Pretrained models on both datasets could be downloaded here.
(md5sum:f50940f500c35457cb3d8f8d041240fe)
Note that the detailed settings are different and listed below:
- pretrained_model_BZ:
- n_fft:1024
- sample_rate: 16000
- pretrained_model_LJ:
- n_fft:2048
- sample_rate: 22050
Steps and Usages
- Data Preprocess:
- Make TFrecords for faster data loading:
- Train the whole network:
- Check log directory and model, summary settings in hyperparams.py
- Run:
python3 train.py
- Evaluation while training:
- (Currently only do evaluation on the first batch_size data)
- (Decoder RNN are manually "FEED_PREVIOUS" now)
- Run:
python3 eval.py
- Inference:
- Inference input text example format:
0. Welcome to N. T. U. speech lab
- Recognize speech
- Wreck a nice beach
...
Notes
- At experiments 6-1 and 6-2, paper points out that one could SELECT some tokens, scale it and then feed this style embedding into text encoder. But at section 3.2.2, multi-head attention is used and each token is set to be 256/h dim.

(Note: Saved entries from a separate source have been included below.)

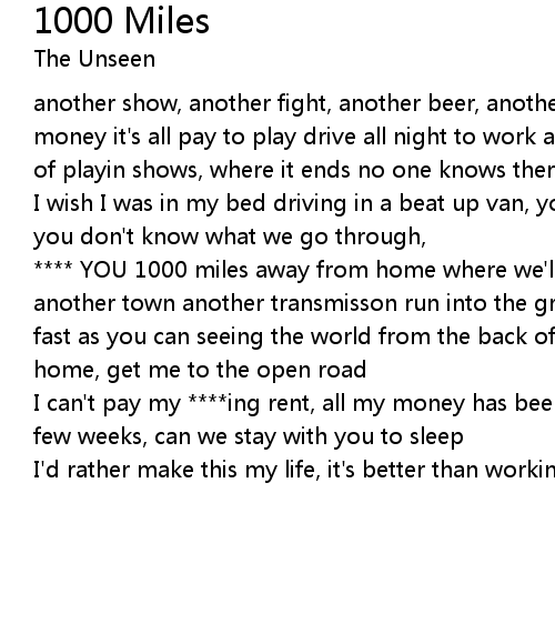 **** YOU 1000 miles away from home where we'll end up no one knows another city, another town another transmisson run into the ground but you gotta keep going as fast as you can seeing the world from the back of a van how long will we sit at home, get me to the open road |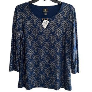 JM Collection Ladies' Intrepid Blue Jacquard Keyhole Sz S NWT🏷 gold accents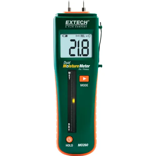 Extech MO260 Combination Pin/Pinless Moisture Meter, Reachargeable, 0.44"L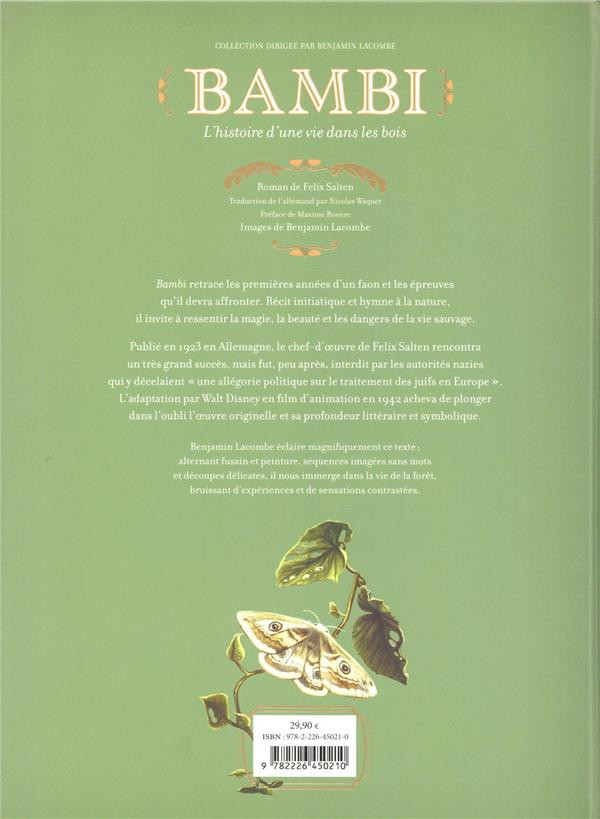 Considéré comme un conte pour enfant (9 à 12 ans) à cause du film de Disney (sortie en 1942) ce livre est actuellement un roman animalier pour adulte écrit en 1923 par Félix Salten, un auteur autrichien. Le titre original est Bambi: Eine Lebensgeschichte aus dem Walde (le nom “Bambi” viendrait de bambino, qui veut dire “enfant” en italien). Étrangement, il fut banni par les nazis qui y voyaient une allégorie politique sur le traitement des juifs en Europe. Ce symbolisme n’est pas vraiment évident à la lecture mais cela reste tout de même un long récit dramatique, trop sérieux et volumineux pour être approprié pour un jeune lectorat. Malgré une histoire qui transpose clairement des connotations autobiographiques et un ton sombre qui reflète l’inquiétude de sa communauté, le récit de Salten en bout du compte est empreint de pacifisme et d’optimisme. Tout cela est bien remis en contexte par les préfaces de Maxime Rovere et de Benjamin Lacombe ainsi qu’une postface qui commente la nouvelle traduction par Nicolas Waquet.

If so, at inference time, a selected token should have 256/h dim, but the text encoder should be fused with a 256 dim vector. And also, if one choose to use multi-head attention, then the style embedding will become some vectors'(which is the attention result of each head) concatenation passing through a linear network rather than GST's weighed sum. I do not really understand that if this is the case, can one simply SELECT some GST's combination to represent style embedding or not.
- Input phone seqs did not give better results or faster convergence speed.
- Dynamic bucketing with feed_previous decoder RNN seems not possible?
(tf.split, tf.unstack, tf.shape, get_shape().as_list(), slicing... not seems
to work)
TODO
- [x] Find an adequate dataset (Blizzard 2013)
- [x] (Failed) Implement feed_previous function in decoder RNN
- [x] Input phone seqs instead of character seqs
- [ ] WaveNet vocoder